Wednesday, June 5, 2013

Finally some real teacher experience :)


            This week has been both hard and satisfying. I had taught all day Thursday, all 4 classes and finally felt like a real teacher. On Tuesday I had my observation and got filmed for my video analysis project. So it has been busy, but I loved every minute of it. With videotaping I was surprised that it was not as painful as I thought. I actually did not look too out of place in a classroom. The students really got into the discussion on madness and Poe during the lesson. It was one of those TV moments when you can’t help but think this is amazing, they actually care about this stuff. So there are a lot of highlights because of all the teaching I got to do.

            My juniors asked me to come to watch their show and that was so sweet. They looked at me with those googly eyes that I could not say no. I wanted to scream inside from happiness, because it felt that they really cared that I was there and I was not just some student teacher that they had to tolerate for a while. That is the best thing for me about teaching is building relationships. The other is having multi-dimensional discussions in the classroom, going beyond the text.

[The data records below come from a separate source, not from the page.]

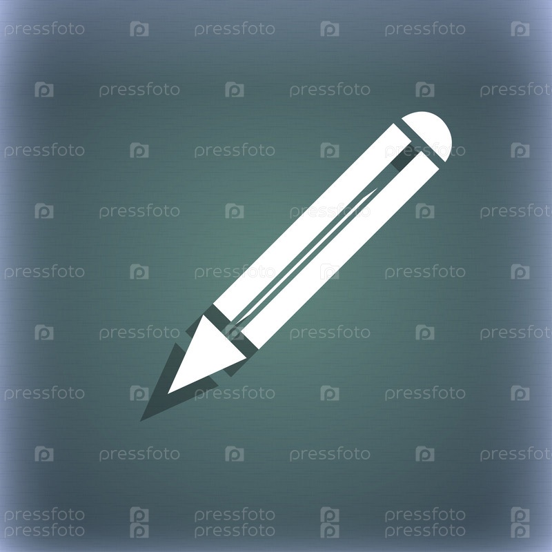 Значок карандаша знак. Редактирование содержимого кнопки. На сине зеленый абстрактный фон с тенью и пространства для вашего текста
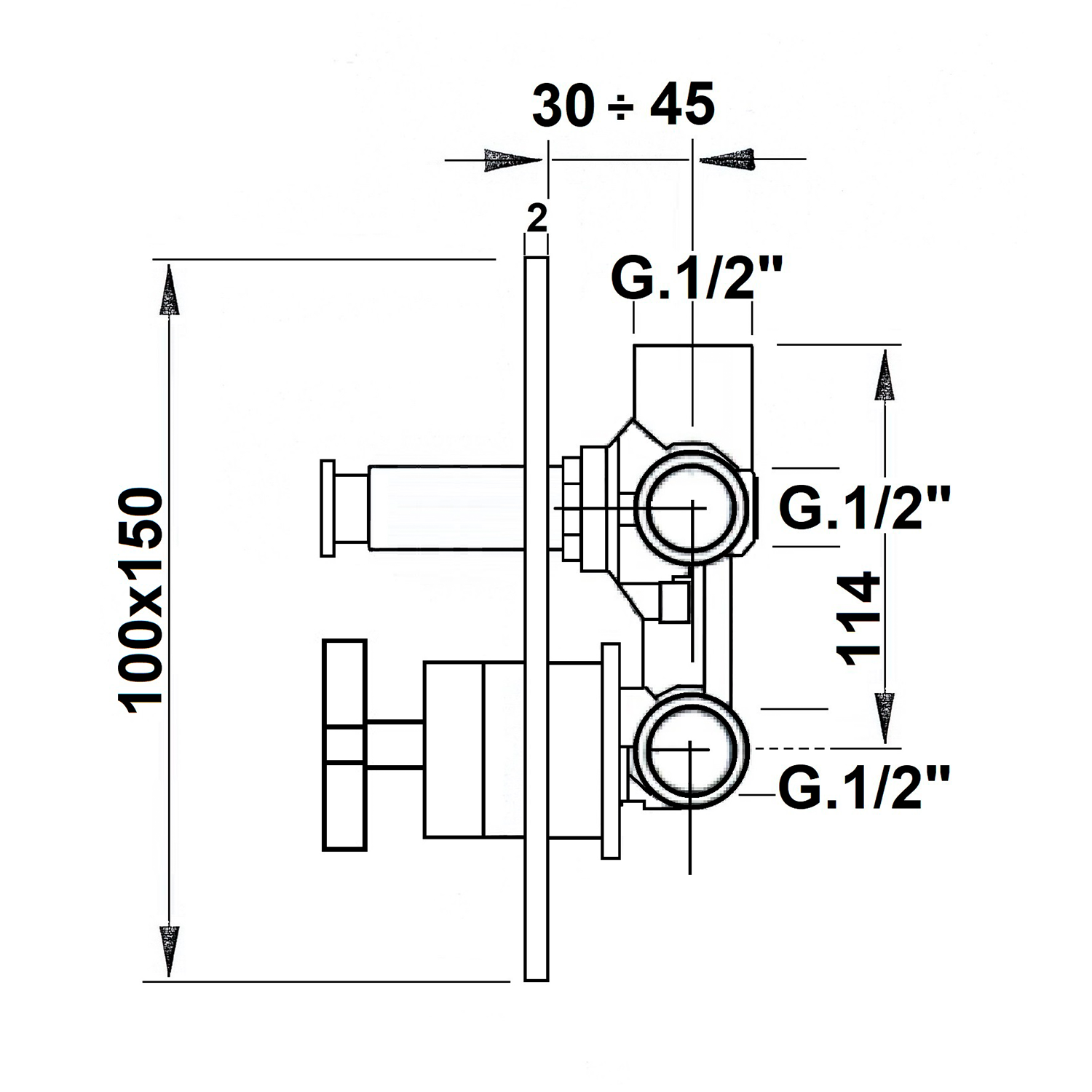 TRAX podomítková sprchová baterie, 2 výstupy, chrom
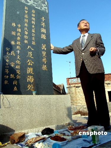 韓國憲政會政策委員會議長、林氏中央會會長林芳鉉先生千里迢迢帶團參加慶典,當(dāng)天下午,韓國代表團一行還特地趕往惠安東嶺彭城拜謁“林八及渡海處”遺址,他們還帶來了韓文撰寫的詳細記載了唐朝林八及渡海赴韓及后裔來泉尋根歷史的碑文,準備銘刻在前年用中文所立“千年溯源萬里尋根”紀念碑的背面。林芳鉉介紹,韓國也有個地方叫彭城,唐朝時始祖林八及公從惠安彭城去往韓國,因為懷念故土,將那里命名為彭城。韓國有姓氏300多個,林姓位列前十,林氏后裔現(xiàn)有100多萬人。
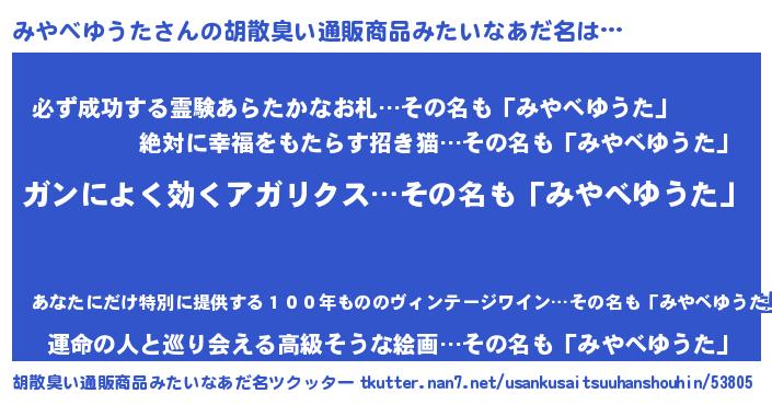 | 恥ずかしいあだ名 | 『ミヤベユウタデラックス』『みやっちょ』 |
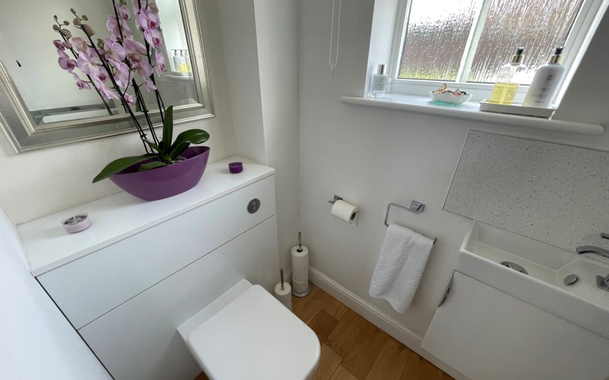 DOWNSTAIRS WC: refitted, uPVC double glazed window, vanity unit with washbasin, low level WC and upright stainless steel towel radiator.
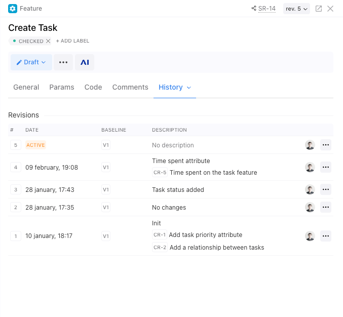 The Traceability Table in the Feature Repository provides a clear visual view of how each feature is connected to other artifacts. You can easily see links between features, data and UI specs, software units, change requests, issues, and test artifacts.
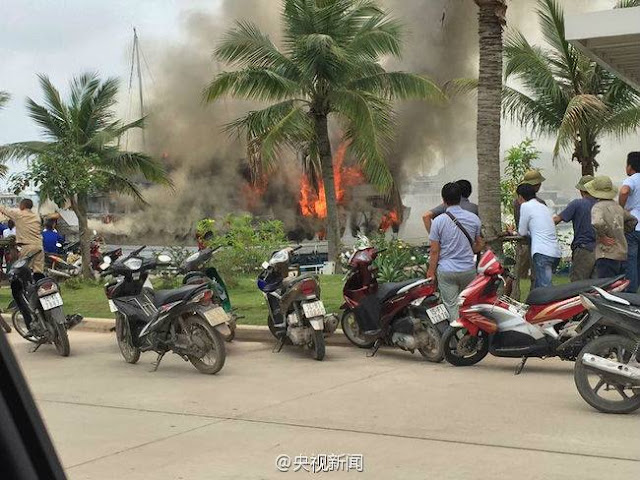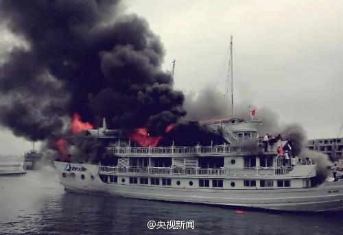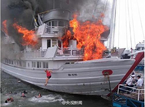 A luxury boat sank after catching fire when docking in a pier in Vietnam, Friday. Photos show that passengers jumping off the boat to escape.

            One thing that has happened that made me think differently about differentiated instruction is actually applying that in my classroom. It is one thing to write it on a TPA and another applying it in real life. One student I knew had trouble organizing his thoughts in a paper form and he has not started on his prompt question. I knew that he understood the material, but I could sense his reluctance, so I came to him and said, I’m gonna give you an option, you can tell me what you know about his prompt instead of writing and guess what? He knew the answer. That was an Aha moment. I know there is a lot of “I” in this paragraph, but I somehow applied what I have always been taught and made differentiating instruction a reality.

            Something that I will take away that I have learned was what my supervisor told me. When you ask a question, but you get crickets, try to simplify the answer, reword it. For instance, if you ask what an unreliable narrator is and you don’t get anything. Ask what reliable means and now what is unreliable in that sense. Then piece all these things together. I definitely will use that tactic.

            There were not really any conflicting situations that have happened. I know that one thing that I could improve on is making assumptions. Coming into a classroom, you assume students know what MLA citations are, maybe not be proficient in citing, but at least have an idea. Then you find out that is not true. I got a lot of that, assuming one thing and then realizing all the things I thought they have learned they did not. So I could definitely stop assuming and do some initial assessment. I try to do that, but at times I fail; so to less failing, less assuming, more figuring out the facts.